ROLE OF CA2+ AND PROTEIN-KINASE-C IN SHEAR STRESS-INDUCED ACTIN DEPOLYMERIZATION AND ENDOTHELIN-1 GENE-EXPRESSION

Vascular endothelial cells adapt to changes in blood flow by altering the cell architecture and by producing various substances. We have previously reported that low shear stress induces endothelin 1 (ET-1) expression in endothelial cells and that this induction is mediated by depolymerization of actin fiber. In the present study, we examined the role of Ca2+ and protein kinase C (PKC) in shear stress-induced actin depolymerization and subsequent ET-I gene expression. Exposure of cultured porcine aortic endothelial cells to low shear stress (5 dyne/cm(2)) for 3 hours increased the ratio of G-actin to total actin from 54+/-0.8% to 80+/-1.0%. This shear stress-induced actin depolymerization was completely blocked by chelation of extracellular Ca2+ with EGTA and partially inhibited by intracellular Ca2+ chelation with the tetraacetoxymethyl ester of BAPTA (BAPTA/AM). Pretreatment with staurosporine, a PKC inhibitor, or desensitization of PKC by treatment with 12-O-tetradecanoylphorbol 13-acetate (TPA) for 24 hours also resulted in partial inhibition of shear stress-induced actin depolymerization.

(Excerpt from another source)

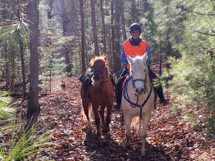 She was perfect! We left lame Khaleesi in an outdoor stall and took Faygo and Heart for a few miles loop in the woods. It was a nice first ride and Heart walked calmly from start to finish.
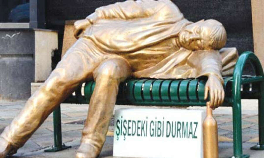 Aynı belediye, şimdi de 'barlar sokağı' diye bilinen mıntıkaya 'sarhoş adam heykeli' koymuş.

Although PKC activation by TPA mildly increased G-actin content, the effect of TPA and shear stress on actin depolymerization was not additive. Moreover, shear stress-induced ET-1 gene expression was inhibited by EGTA, BAPTA/AM, and staurosporine to a degree similar to the inhibition of actin depolymerization. In contrast, ET-1 gene expression induced by cytochalasin B, an actin-disrupting agent, was not affected by staurosporine. These results suggest that shear stress can induce actin fiber depolymerization through, at least in part, Ca2+- and PKC-dependent pathways and that the resultant actin depolymerization leads to induction of ET-1 gene expression in a PKC-independent manner.